The material below is to be copied exactly from the line with "3) In Fleetrun" up to and including the line with "CBS记者JB消息,在索博斯", with nothing else kept and no pictures.

== PROVIDED INFORMATION ==
====================
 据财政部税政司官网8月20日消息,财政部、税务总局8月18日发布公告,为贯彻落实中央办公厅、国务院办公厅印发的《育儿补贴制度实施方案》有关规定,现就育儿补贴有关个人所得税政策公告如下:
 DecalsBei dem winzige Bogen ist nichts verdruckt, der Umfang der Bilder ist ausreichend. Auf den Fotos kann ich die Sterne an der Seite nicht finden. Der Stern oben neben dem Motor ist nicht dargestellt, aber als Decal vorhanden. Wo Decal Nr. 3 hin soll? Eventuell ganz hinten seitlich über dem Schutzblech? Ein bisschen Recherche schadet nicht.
====================
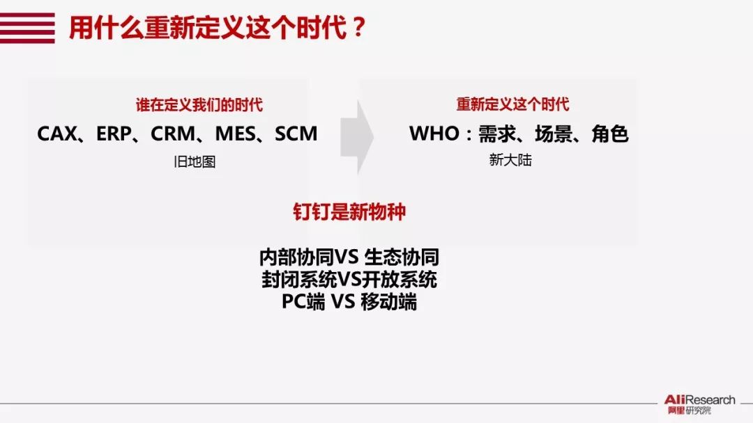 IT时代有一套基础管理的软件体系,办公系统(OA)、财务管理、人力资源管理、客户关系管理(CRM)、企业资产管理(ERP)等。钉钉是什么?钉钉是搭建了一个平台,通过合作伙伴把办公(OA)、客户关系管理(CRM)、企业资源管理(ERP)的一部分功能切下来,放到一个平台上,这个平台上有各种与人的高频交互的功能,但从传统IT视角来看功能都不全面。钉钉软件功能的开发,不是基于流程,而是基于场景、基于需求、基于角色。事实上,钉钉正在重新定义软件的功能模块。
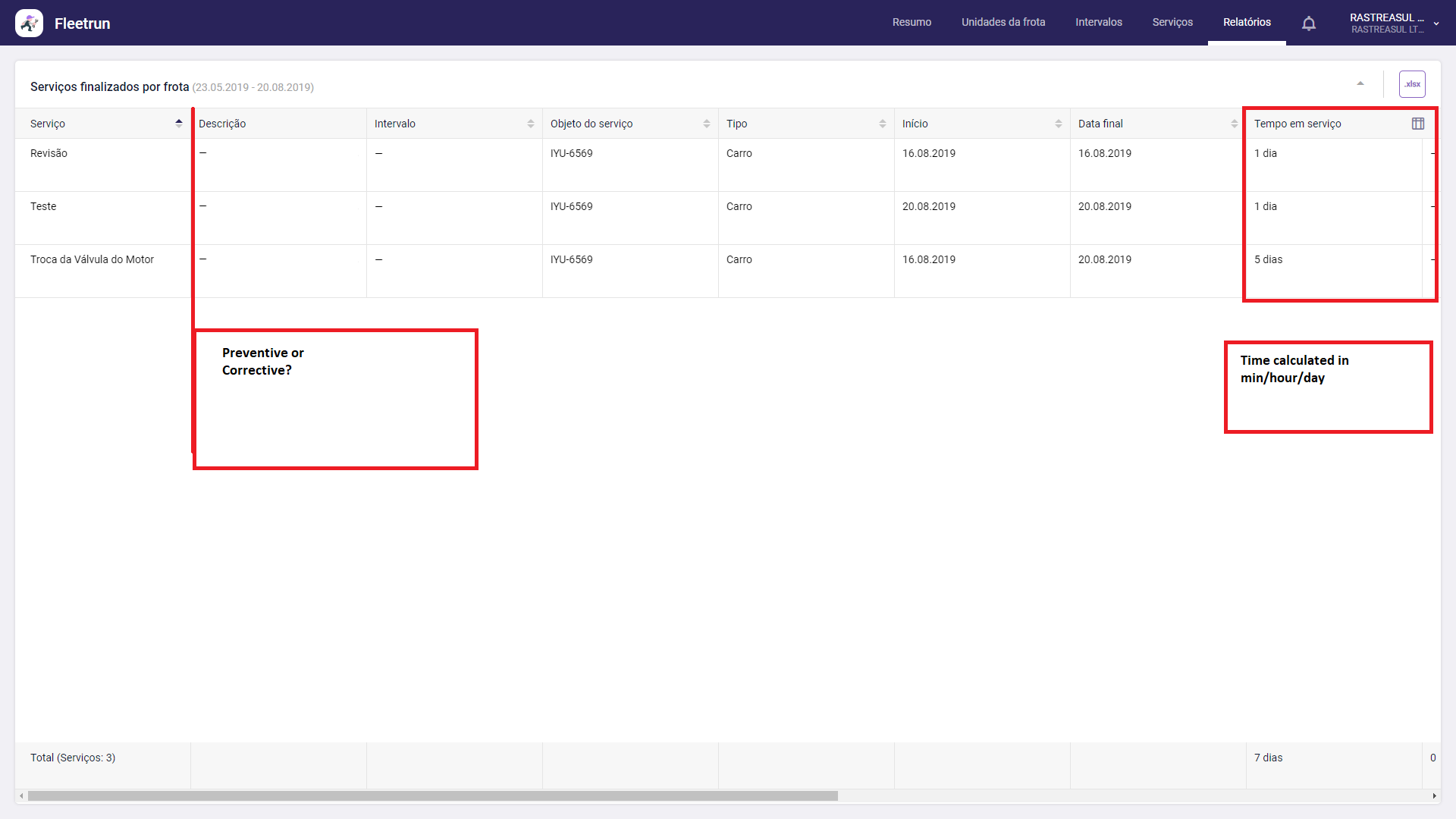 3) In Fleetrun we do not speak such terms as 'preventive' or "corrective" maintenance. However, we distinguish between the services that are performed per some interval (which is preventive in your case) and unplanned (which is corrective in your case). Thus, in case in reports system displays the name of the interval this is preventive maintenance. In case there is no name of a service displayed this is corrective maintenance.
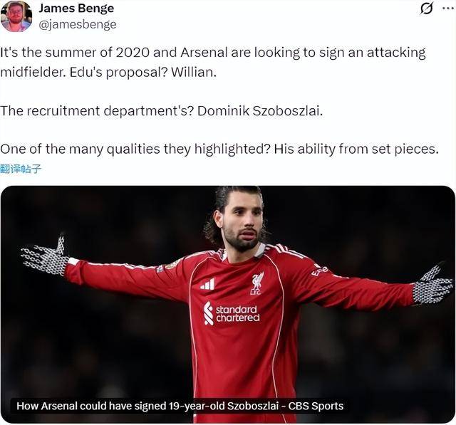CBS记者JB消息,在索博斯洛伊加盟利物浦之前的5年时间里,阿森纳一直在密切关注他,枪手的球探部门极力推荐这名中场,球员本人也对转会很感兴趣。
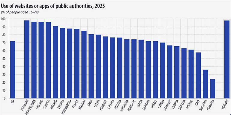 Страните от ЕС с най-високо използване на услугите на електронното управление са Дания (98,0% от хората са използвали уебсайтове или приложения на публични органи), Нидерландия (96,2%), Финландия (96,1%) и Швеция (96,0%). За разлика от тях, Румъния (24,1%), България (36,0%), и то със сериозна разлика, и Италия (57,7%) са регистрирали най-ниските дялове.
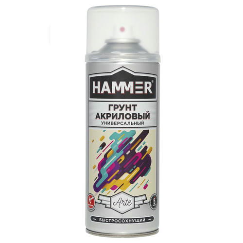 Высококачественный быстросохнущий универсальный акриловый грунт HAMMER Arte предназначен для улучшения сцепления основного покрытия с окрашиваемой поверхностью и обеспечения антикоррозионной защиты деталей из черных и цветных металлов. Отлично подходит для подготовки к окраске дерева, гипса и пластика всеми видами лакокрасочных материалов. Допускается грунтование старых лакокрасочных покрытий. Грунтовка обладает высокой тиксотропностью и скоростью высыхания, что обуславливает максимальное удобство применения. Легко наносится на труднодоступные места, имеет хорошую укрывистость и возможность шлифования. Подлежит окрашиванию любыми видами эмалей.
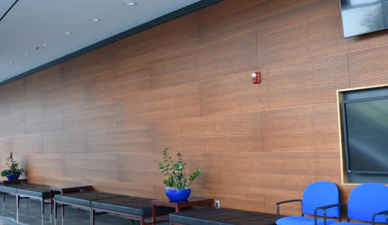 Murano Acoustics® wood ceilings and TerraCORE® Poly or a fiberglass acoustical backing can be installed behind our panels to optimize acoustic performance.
====================
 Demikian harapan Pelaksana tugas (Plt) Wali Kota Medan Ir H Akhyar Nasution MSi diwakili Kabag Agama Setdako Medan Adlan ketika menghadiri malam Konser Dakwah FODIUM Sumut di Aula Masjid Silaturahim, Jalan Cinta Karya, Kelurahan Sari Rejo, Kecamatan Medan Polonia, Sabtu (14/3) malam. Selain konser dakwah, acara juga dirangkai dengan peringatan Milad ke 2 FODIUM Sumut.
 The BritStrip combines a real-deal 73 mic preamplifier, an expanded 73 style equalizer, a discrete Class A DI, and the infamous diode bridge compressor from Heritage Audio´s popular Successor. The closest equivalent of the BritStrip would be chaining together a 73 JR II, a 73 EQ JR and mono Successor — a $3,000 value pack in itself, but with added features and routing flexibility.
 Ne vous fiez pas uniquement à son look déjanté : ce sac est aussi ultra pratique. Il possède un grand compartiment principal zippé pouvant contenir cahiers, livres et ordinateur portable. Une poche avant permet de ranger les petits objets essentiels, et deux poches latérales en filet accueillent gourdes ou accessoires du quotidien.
====================
== TASK ANSWER ==
 3) In Fleetrun we do not speak such terms as 'preventive' or "corrective" maintenance. However, we distinguish between the services that are performed per some interval (which is preventive in your case) and unplanned (which is corrective in your case). Thus, in case in reports system displays the name of the interval this is preventive maintenance. In case there is no name of a service displayed this is corrective maintenance.
CBS记者JB消息,在索博斯洛伊加盟利物浦之前的5年时间里,阿森纳一直在密切关注他,枪手的球探部门极力推荐这名中场,球员本人也对转会很感兴趣。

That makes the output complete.